Step 2: Install Kraken. The following commands install kraken and also update the $PATH variable for running the tool easily.

git clone https://github.com/DerrickWood/kraken2.git
cd kraken2
./install_kraken2.sh .
echo -e "\nexport PATH=\"$(pwd):\$PATH\"" >> ~/.bashrc
source ~/.bashrc
cd ..

Step 3: Install WEPP.

git clone --recurse-submodules https://github.com/TurakhiaLab/WEPP.git

View the WEPP installation guide starting from option 3 on the WEPP repo.

Step 4: Install MeSS.

Follow the MeSS installation guide on the MeSS Quick Start.


Quick Start

Example - 1: MeSS simulated metagenomic sample

Step 1: Download the SARS-CoV-2 MAT and the corresponding reference file for its variant analysis with WEPP.

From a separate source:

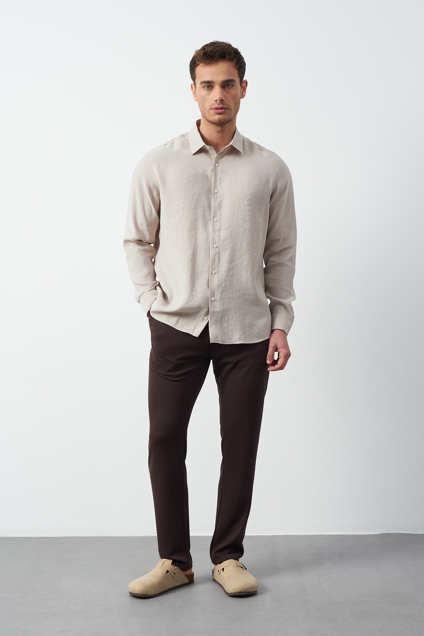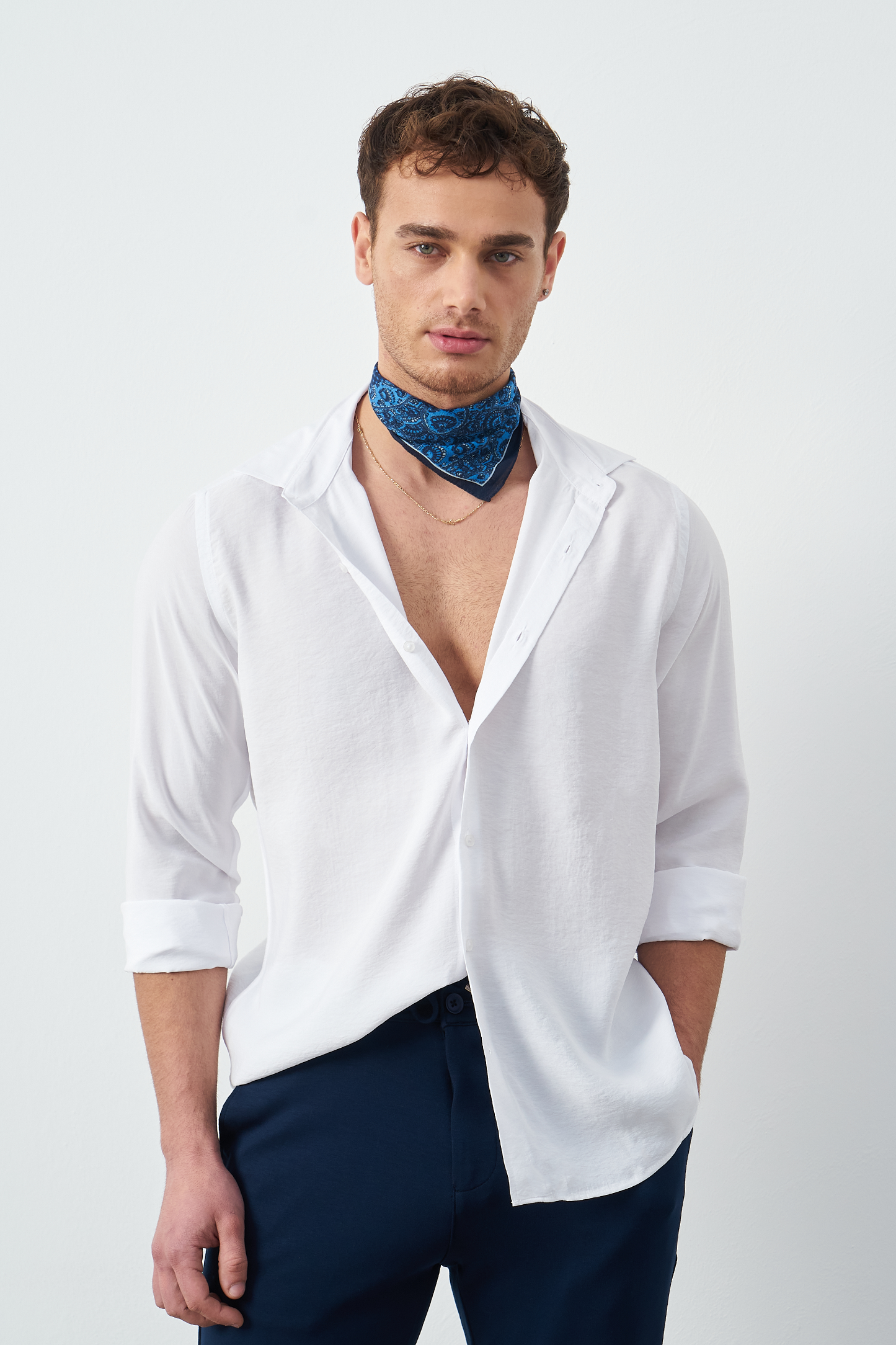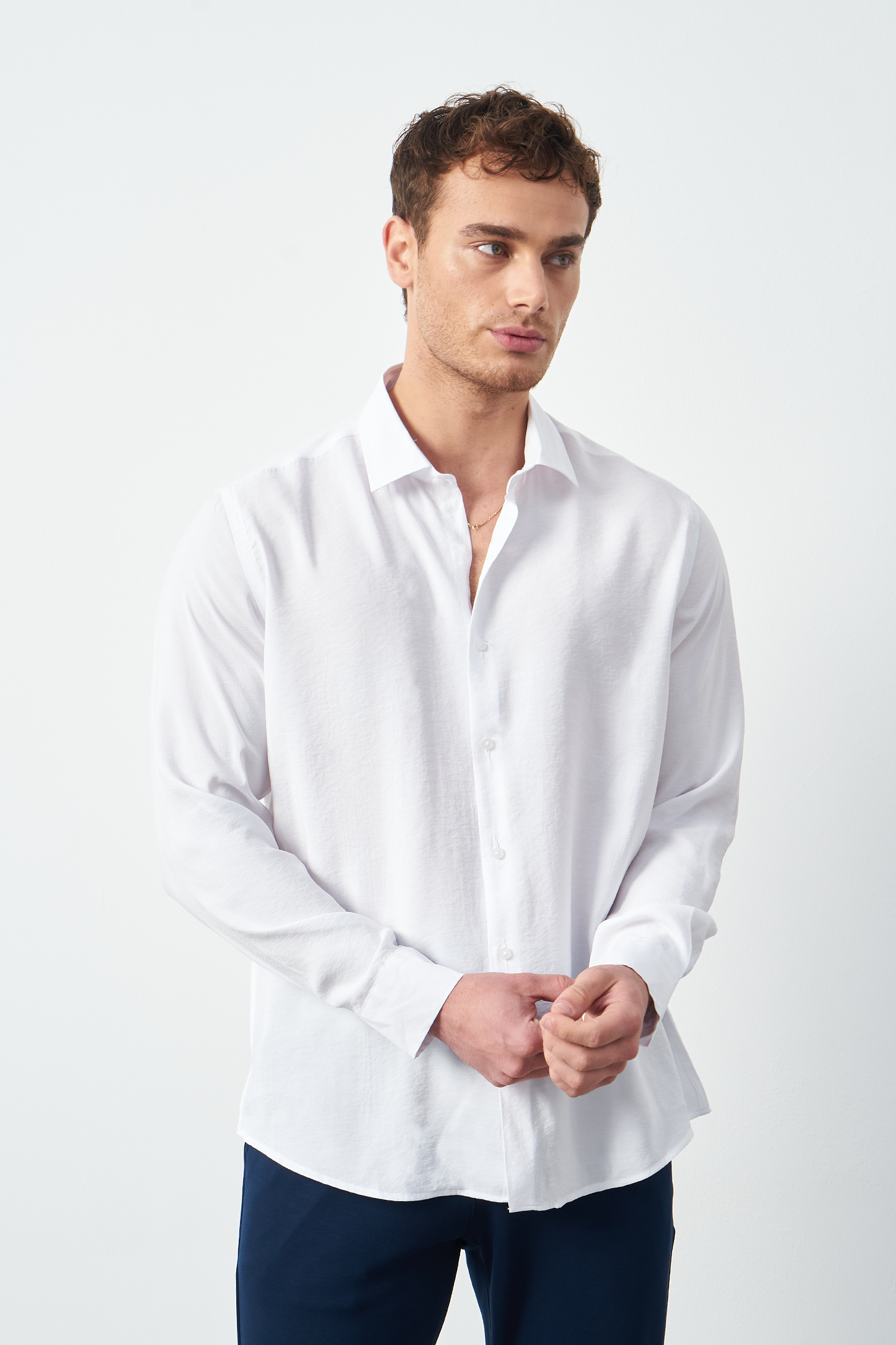 Ideal for a light and comfortable style! This loose-fit modal men's shirt, with its thin fabric, keeps you cool while providing all-day comfort with its soft texture. Its relaxed fit allows for freedom of movement. Available in 5 different colors, offering versatile outfit combinations. A perfect choice for street fashion and casual looks!
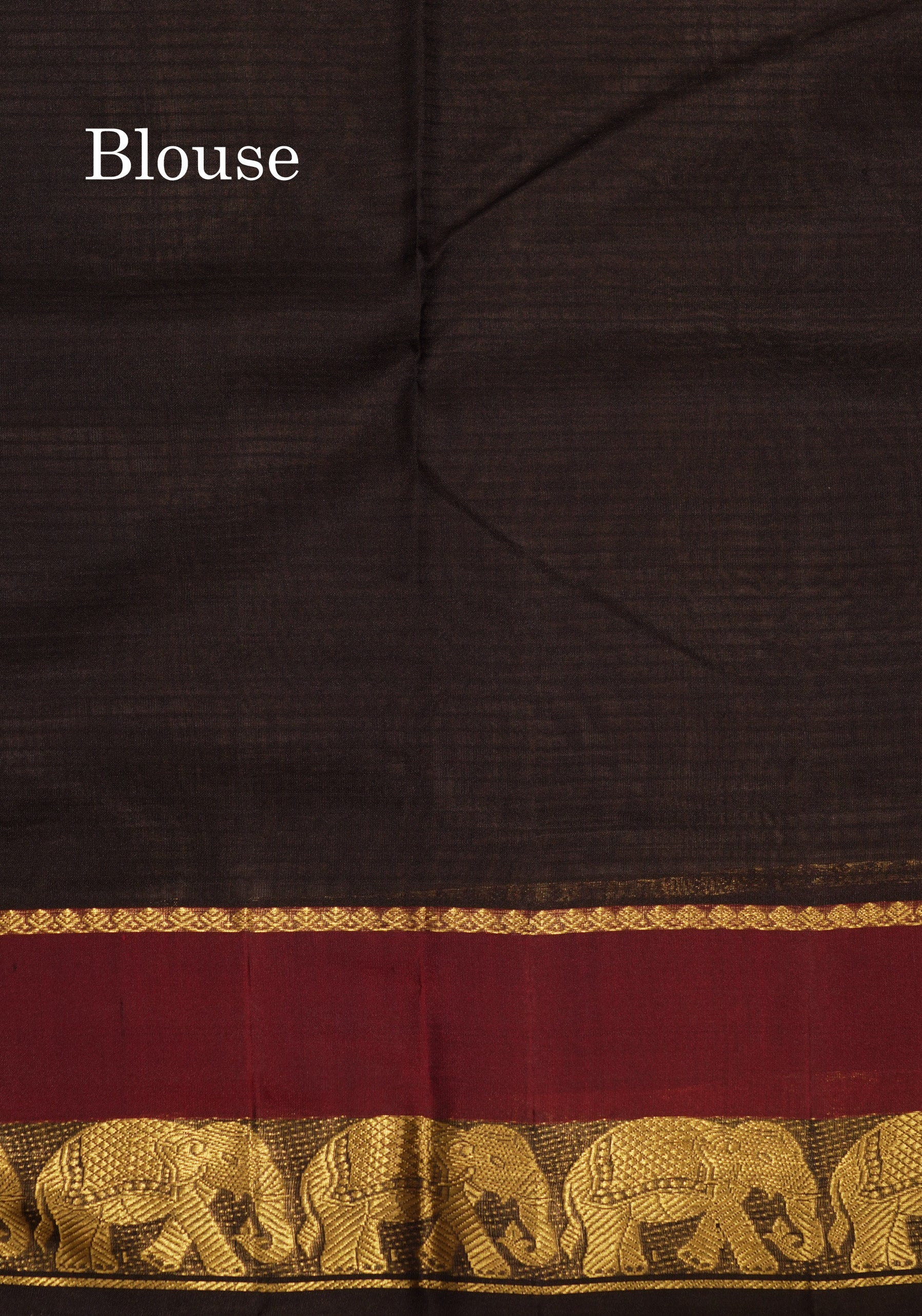 Salammal is known for its handloom sarees. In some sarees, there is cross-weaving between the body and the pallu, which is a sign of pure handloom sarees. This can be seen in Kanchipuram embossed sarees.

wget https://hgdownload.gi.ucsc.edu/goldenPath/wuhCor1/UShER_SARS-CoV-2/2021/12/05/public-2021-12-05.all.masked.pb.gz

mkdir -p data/pathogens_for_wepp/sars_cov_2
mkdir data/simulated_metagenomic_sample

mv public-2021-12-05.all.masked.pb.gz data/pathogens_for_wepp/sars_cov_2
cp metagenomic_references/NC_045512.2.fasta data/pathogens_for_wepp/sars_cov_2
cp metagenomic_example.fa data/simulated_metagenomic_sample

Step 2: Prepare the config.yaml for SARS-CoV-2 variant analysis.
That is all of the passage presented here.